My parents just moved to Warrnambool from Mildura. One of their first comments
was on the lack of roundabouts :)

------
dazc
You can't discuss roundabouts without a mention of the magic roundabout in
Swindon, UK. A big roundabout made up of 5 small roundabouts.
[https://en.wikipedia.org/wiki/Magic_Roundabout_(Swindon)](https://en.wikipedia.org/wiki/Magic_Roundabout_\(Swindon\))
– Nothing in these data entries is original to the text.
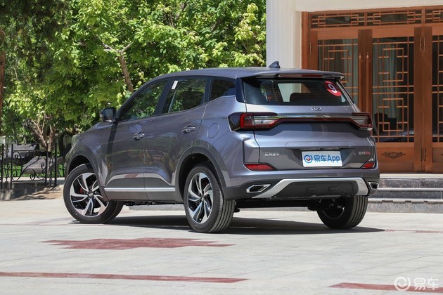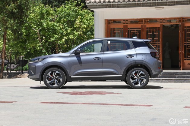 车身侧面,新车B/C/D柱采用熏黑隐藏式设计,营造出悬浮式车顶的视觉效果。一条微微扬起的腰线增强了侧面硬朗的视觉效果,新车尺寸为4400/1831/1653mm,轴距为2632mm。车身尺寸比同价位的瑞虎5x有优势,但是和远景X6相比,要稍微逊色一些。
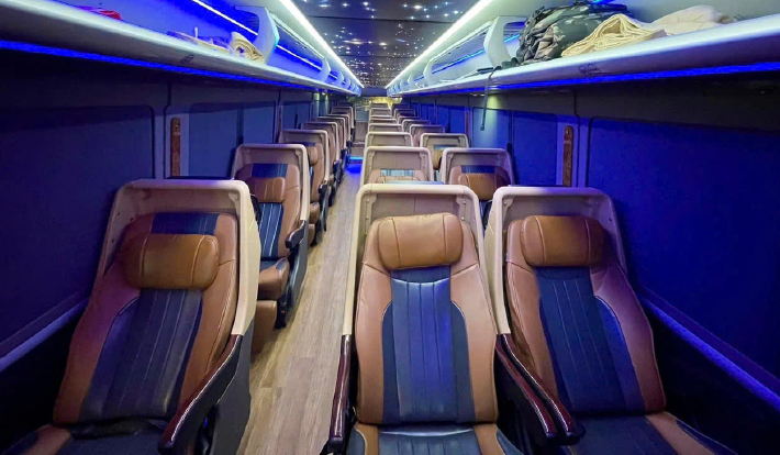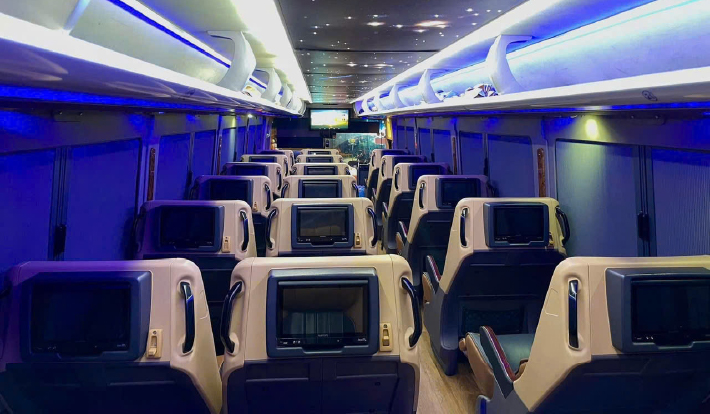 Xe ghế ngồi: Xe từ 30 đến 45chỗ tùy lượng khách, xe đời mới máy lạnh, đón khách theo chương trình. Mỗi đợttối thiểu 25 khách/đợt. Trường hợp không đủ slk thì được dời sang lịch khởihành tiếp theo. Xe đời mới máy lạnh (25 – 28 khách xe 30c, 30 – 33 khách xe35c, trên 40 khách xe 45c), đón khách theo chương trình.
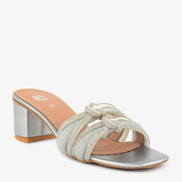 A glamorous slipper with a square toe and a block heel. Multiple straps covered in small, sparkling embellishments are knotted together at the center. Ideal for adding some shimmer to a night.
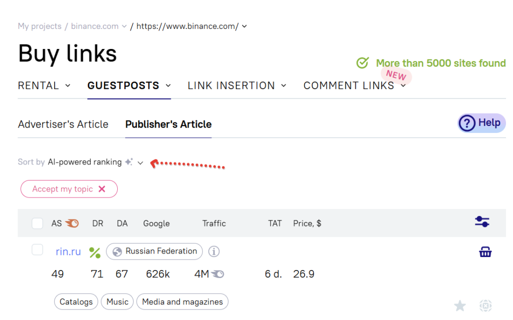 The new AI model evaluates websites daily across dozens of parameters, including popularity among users, traffic, authority, placement success rate, and price. Sorting by AI Recommendations now works like an intelligent filter:
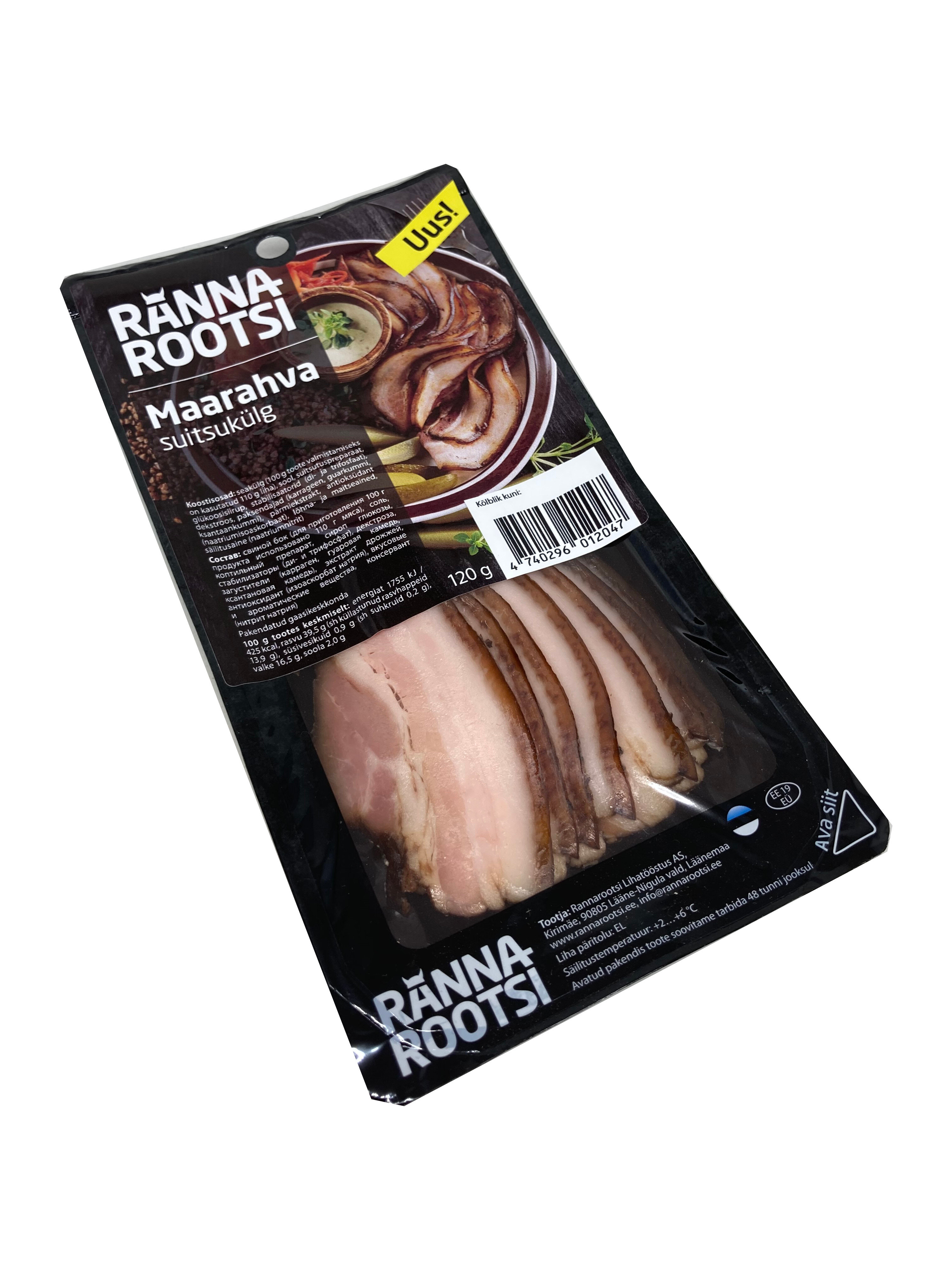 Seakülg (100 g toote valmistamiseks on kasutatud 110 g liha), sool, suitsutuspreparaat, glükoosisiirup, stabilisaatorid (di- ja trifosfaat), dekstroos, paksendajad (karrageen, guarkummi, ksantaankummi), pärmiekstrakt, antioksüdant (naatriumisoaskorbaat), lõhna- ja maitseained, säilitusaine (naatriumnitrit)
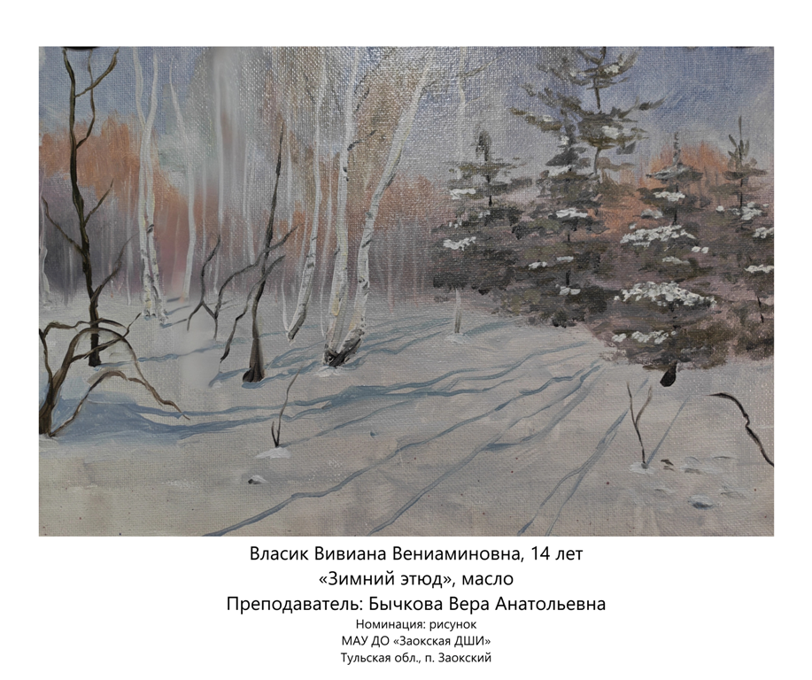 | 79 | Власик Вивиана | "Зимний этюд" | Рисунок | Бычкова Вера Анатольевна | Фотография работы |

I encountered it once and don't ever intend to do so again.

------
grecy
I grew up in Australia in a town nicknamed "The city of roundabouts", I know a
thing or two about them.

Upon moving to North America, it was shocking to encounter my first 4 way
stop. To this day I still shake my head every time I encounter one. They are
non-existent in Australia.

It's been amusing watching the resistance of North Americas to roundabouts, I
think, because they are never taught how to use them. Sometimes I ask people
the correct way to signal in a roundabout, and I swear I've never had two
people in the same room agree.

The city of Calgary installed one, and it was taken out soon after because of
a public outcry. In another city in North America I lived in, they put one in,
and a lady promptly drove straight through it, crashing her car. She sued the
city and one, because it wasn't fair to go and put in a roundabout like that.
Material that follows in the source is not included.